The fund should be less "risky" under Mr. Hwan.
YTD:
FXAIX -3.91
PRBLX -4.34
Not fair in that its just a snippet of time...and perhaps we are not in correction territory for anything other than Nasdaq but... still watching the fund on the sidelines.
Enjoying the ride, Derf
One fund that keeps popping up on my screen is PARWX/PFPWX. I've been following it since Mr. Hwan took sole duties and it appears he is doing what he said he would, reduce volatility, add some diversification, add alpha, lower SD, etc.
I am contemplating adding Endeavor to compliment Core, but there are concerns. There are about a dozen stocks in common, but only ONE in the top 10 positions. Most metrics favor PRBLX/PRILX and returns are not dramatically lower in the recent past (1,3,5 years).
Any thoughts on the rational to hold both of these funds? Suggestions, critiques, opinions welcome!
Matt
Here's what I know and read:
Endeavor is an All-cap Value fund (280.5B avg. weighted mkt cap; active share 88.63%) with a Capital Appreciation objective; Core Equity is a Large Cap Blend fund (510.4B avg. weighted mkt cap; active share 76.29%) with a Capital Appreciation and Current Income objective and the S&P 500 as its boogie.
Per the Parnassus website, although they are invested in the same sectors (except for no Materials in Endeavor) the weightings are somewhat different.
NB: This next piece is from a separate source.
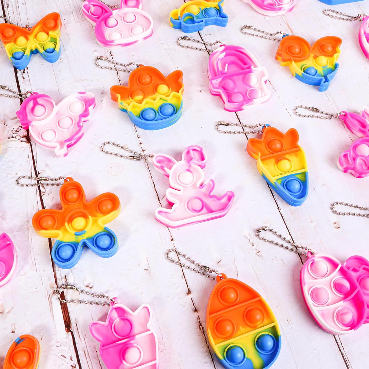 - 【Easter Gifts】The 24 Pack Colorful Mini Easter Pop Fidget Toys are perfect for kids, boys, girls, toddlers easter basket stuffers, easter basket fillers, easter gifts, easter toys, easter hunt, party favors, birthday gifts, school classroom rewards, carnival prizes, pinata, goodie bags.

Several sector weightings are double the other fund. Both funds are concentrated, 38 for CORE EQUITY and 43 for Endeavor, that include contrarian stocks (per their website).
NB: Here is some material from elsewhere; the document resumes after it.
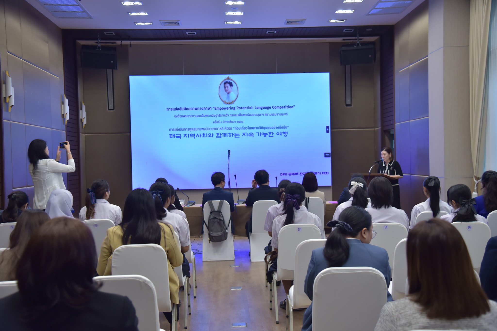 “การแข่งขันครั้งนี้เป็นเวทีให้นักเรียนได้แสดงความสามารถทางภาษาทั้ง 4 ภาษา ผ่านรูปแบบที่กำหนดไว้ในการแข่งขันสอดรับกับทักษะและการใช้งานจริงในโลกปัจจุบัน เพื่อสนับสนุนและส่งเสริมศักยภาพของนักเรียน ตามความเชื่อของ DPU ว่ามนุษย์ทุกคนมีศักยภาพที่หลากหลาย เรามีหน้าที่สร้างกลไกในการดึงศักยภาพและพัฒนาทักษะเหล่านั้นให้เด็กและเยาวชน เพื่อนำมาพัฒนาสังคมและประเทศชาติต่อไป” รองอธิการบดีสายงานวิชาการ DPU กล่าว

Also, I believe both Endeavor and Core Equity focus on ESG. Not sure if one is more focused than the other, but either way ESG has NO bearing on my decision to invest or not!!!
One last thought, they do not seem to act in tandem very often, per my observations, not statistically verified.
I don't know if there is enough differences between the two funds, hence my question and hesitation!
Any further comments, suggestions, thoughts very welcome!
Matt
That's one difference between the PRBLX of old and the PRBLX of today. The old version barbelled tech and industrials against staples and utilities much of the time, but the new version hasn't owned mainstream utes in a while. They had owned MDU and NWE for some years, but they don't own them anymore, apparently at least partly for fossil fuel reasons, as both are heavy into coal generation.
It's been a small-ish change, but it could conceivably push PRBLX into slightly growthier territory than it inhabited in the past.
Any thoughts on Endeavor? And pairing it with Core Equity especially if it moves towards growthier territory?
P.S.: feel free to send a message if that is more convenient - I am not looking to debate!